In Trans Issues on July 14, 2012 at 9:40 am

I knew from the time I started writing blogs, I would be entering a stage where there would be some controversy.  The idea of being a Christian transgender person will fly in the face of many on both sides; the church and the Lesbian, Gay, Bi-sexual and Transgender community. 

 

 

The word Christian can spark heated debate on how the church has treated the LGBT community.  To mention that I am transgender in the church has lit a few fires of disagreement.  When you put the two together, you have napalm.  If not handled correctly and without proper education, the firestorm can rage out of control, damaging all with in its path.  But as a wildfire is known to do, it can burn away the old and make room for new life, so heated, healthy debate is not always a bad thing.
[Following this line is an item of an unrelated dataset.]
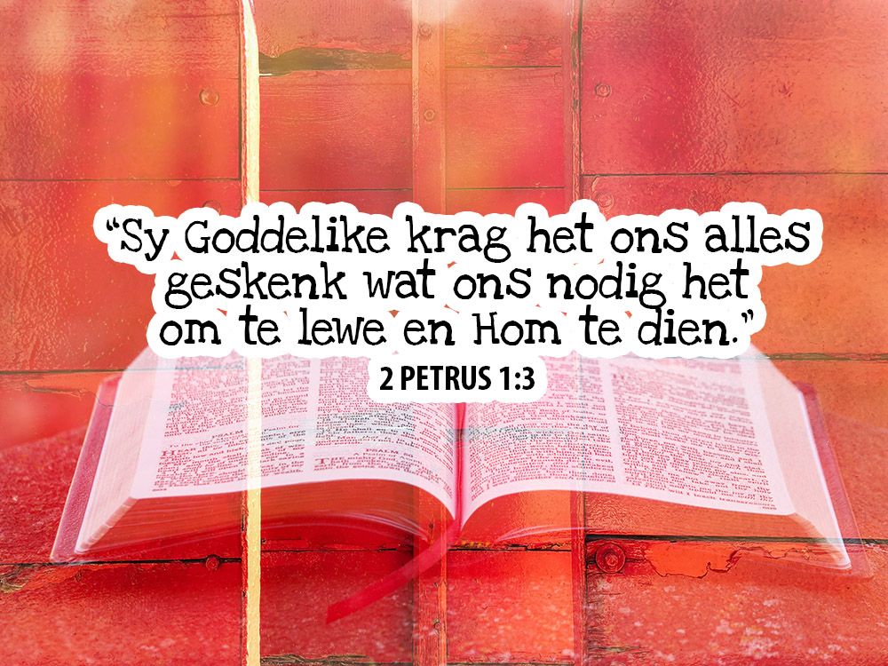 Immers, Sy goddelike krag het ons alles geskenk wat tot die lewe en godsvrug dien, deur die kennis van Hom wat ons geroep het deur Sy heerlikheid en deug…

In my inaugural post here on ChicagoNow, one of the individuals that left comments made a few statements I believe I need to take time to discuss.  Before correcting some common misconceptions about being transgender, I want to take a minute to agree with one of his statements.

I agree that many in society today believe that the Bible, the Word of God, is full of bigotry and prejudice.  There have been many church leaders in the news recently that have done nothing but condemn the Lesbian, Gay, Bi-sexual and Transgender community.   Charles L. Worley of Maiden, N. C. preached a sermon that went viral on YouTube.  He preached that he thought gays should be fenced off from the rest of the population so they would “die off”.  With rhetoric like this, how is any non-believer ever going to think that God, above all things, is a loving God?  How is anyone going to think anything other than God is a God of punishment when he really came to die on the cross and forgive our sins?  I praise people like Andrew Marin and The Marin Foundation for their work in Chicago connecting with the LGBT community and spreading God’s love to those that have felt rejected by the church.  We need more people like that working to build someone up in God, instead of tearing him or her down.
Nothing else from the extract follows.